Authors: Deborah Digges

The Stardust Lounge (13 page)

But I knew I could trust him to see to Buster's best interests, trust he would give him the right medications, limit Buster's playtime with the ball, and know exactly what to do if and when he seized.

Pulling in our driveway from New Hampshire with Buster, I'm greeted by Stephen and a boy who introduces himself as Trevor. They help me unload the car, pet and play with Buster. Then Stephen takes me aside.

“Mom,” he says. “Now, Mom, listen. I've got to talk to you about something important.”

“Okay.” I take a deep breath. I'm beginning to know this preamble well.

“Promise you won't interrupt.”

“Okay.”

“Say you promise.”

“I promise.”

“Okay. Mom, Trevor's homeless.”

“What?”

“You promised.”

“Sorry.”

“You're forgiven. Mom, listen. He's homeless. He can't go home. He's been kicked out. He's been away this whole
past year at DYS. I knew him a little last summer, but then he got shipped off.”

“May I ask for what?”

“You can ask. Things.”

“What things?”

“Things, Mom. Stuff like I've done. What does it matter? He paid his dues. He just got home from a year in juvie, but no one wants him. They say he'll just make trouble again. He's been sleeping in a friend's car. I told him
maybe
he could stay here—just for a night or two. Mom, I'll cook the dinner. I'll make it fair, Mom.”

“Just for a night or two,” I answer. “We've got a lot going on, huh? School's just started. I'll be at Tufts three days a week now, and you've got school, and your community service, and the animals …”

“I know.” Stephen is clear, earnest. “I've been thinking about all that. But look, Mom. We just rescued a dog who's epileptic. Here's a kid, Mom, a
kid
who's homeless …”

Trevor in trees / Photo by Stephen Digges

Fall, 1994

In late October Mugsie the cat gives birth to a second litter of kittens. A week later she is killed by a car on Blue Hills Road. Trevor finds her as he walks home from God knows where. He places her on the front step. The dogs solemnly circle and sniff her.

It's about three in the morning of a weeknight, but we're all up, our lights burning on through the November night, each of the boys carrying out some business of his own, music or reading. I've been what might roughly be called asleep, released for a while upstairs like a flag at the top of the house.

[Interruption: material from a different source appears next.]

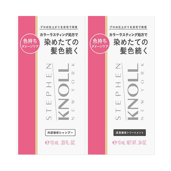 - スティーブンノル カラー ラスティング シャンプー : 水・ココイルメチルタウリンNa・コカミドプロピルベタイン・ラウリルベタイン・香料・トコフェロール・加水分解ケラチン(羊毛)・DPG・EDTA-2Na・PPG-2コカミド・イソステアリン酸PEG-50水添ヒマシ油・イソプロパノール・オリーブ脂肪酸エチル・クエン酸・ココイルグルタミン酸TEA・ジラウリン酸PEG-75・ステアルトリモニウムクロリド・ピロ亜硫酸Na・ポリクオタニウム-10・ポリクオタニウム-22・ポリクオタニウム-7・マカデミアナッツ脂肪酸フィトステリル・ラウリン酸PEG-2・ラウロイルメチルアラニンTEA・レブリン酸・加水分解コーンスターチ・炭酸水素Na・フェノキシエタノール・メチルパラベン・安息香酸Na、スティーブンノル カラー ラスティング トリートメント : 水・セテアリルアルコール・PG・ジメチコン・ミネラルオイル・トリエチルヘキサノイン・ベヘントリモニウムクロリド・香料・トコフェロール・加水分解ケラチン(羊毛)・BG・DPG・アモジメチコン・イソプロパノール・エタノール・クエン酸・クエン酸Na・コレステロール・シロキクラゲ多糖体・ジココイルエチルヒドロキシエチルモニウムメトサルフェート・ジココジモニウムクロリド・ジステアリルジモニウムクロリド・ステアルトリモニウムクロリド・セテス-20・セラミドNG・セラミドNP・フェニルトリメチコン・ポリクオタニウム-10・ポリクオタニウム-104・マカデミアナッツ脂肪酸フィトステリル・ラウレス-23・ラウレス-4・ラウレス硫酸Na・フェノキシエタノール・メチルパラベン・安息香酸Na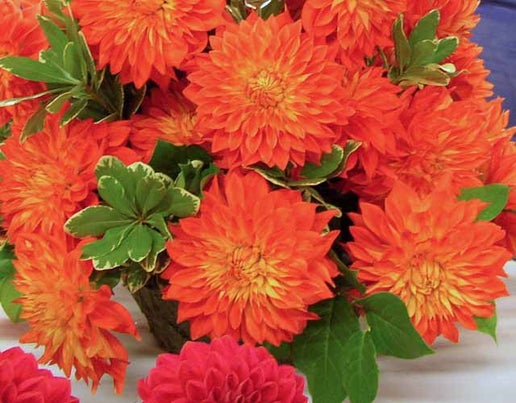 2021 Challenge Flower. Come on, folks! Put on your sunglasses! A beautiful bright and cheerful shade of sun-kissed orange blooms on a 4′ plant. Join us in growing the 2021 Challenge Flower. Stunning neon orange 6-8" blooms on a 4' bush. Flame orange. Introduced in 1987. A vibrant orange with a pale orange in the center. Bloom time is early (75 days).

Stephen kneels and weeps. He lifts Mugs's head to see and to show her slack gaze, the small stretched body pooling a bit. Steve gently turns her over.

Trevor curses and goes to his room. Later we will hear from him bitterly. We're still getting to know each other, though he's lived with us now for a year.

Things hadn't gone well regarding his return home to his family from DYS. After a month or so it was clear that if he didn't stay on with us, he'd be returned to the Department of Youth Services shelter in Springfield. Though he was living at our house, attending high school with Stephen, I had no authority to speak with his teachers about his work, his status.

“I'm sorry,” the guidance counselor would say, flatly satisfied, “but you have no rights in this matter.”

In the end I applied to the state boards to become his foster mother.

At sixteen, Trevor is quiet, thoughtful by nature, an observer of life. It's hard for me to imagine him acting out the trouble everyone, including the school, holds against him. He loves the animals, especially the cats, and he has given African names to several.

One must look closely into his dark eyes to get a fix on his mood. He is polite, solitary, powerful in his silences.

I've begun to think of him as our Queequeg. Who can explain it? His presence has completed the circle around us. Trevor and Stephen call each other brothers, defend the other in all things. By way of their pact, they are willing to take on new responsibilities.

They work together for hours making music, beats, sampling, and Trevor is brilliant in his rap freestyling. Words come out of his mouth in a deep baritone that resonates a sadness and a will, an intimation of the islands his absent father immigrated from. Listening to Trevor freestyle, I've come to believe in the phenomenon of the gift of speaking in tongues.

Now from his room comes a loud thud. Maybe he's hit the wall with his fist.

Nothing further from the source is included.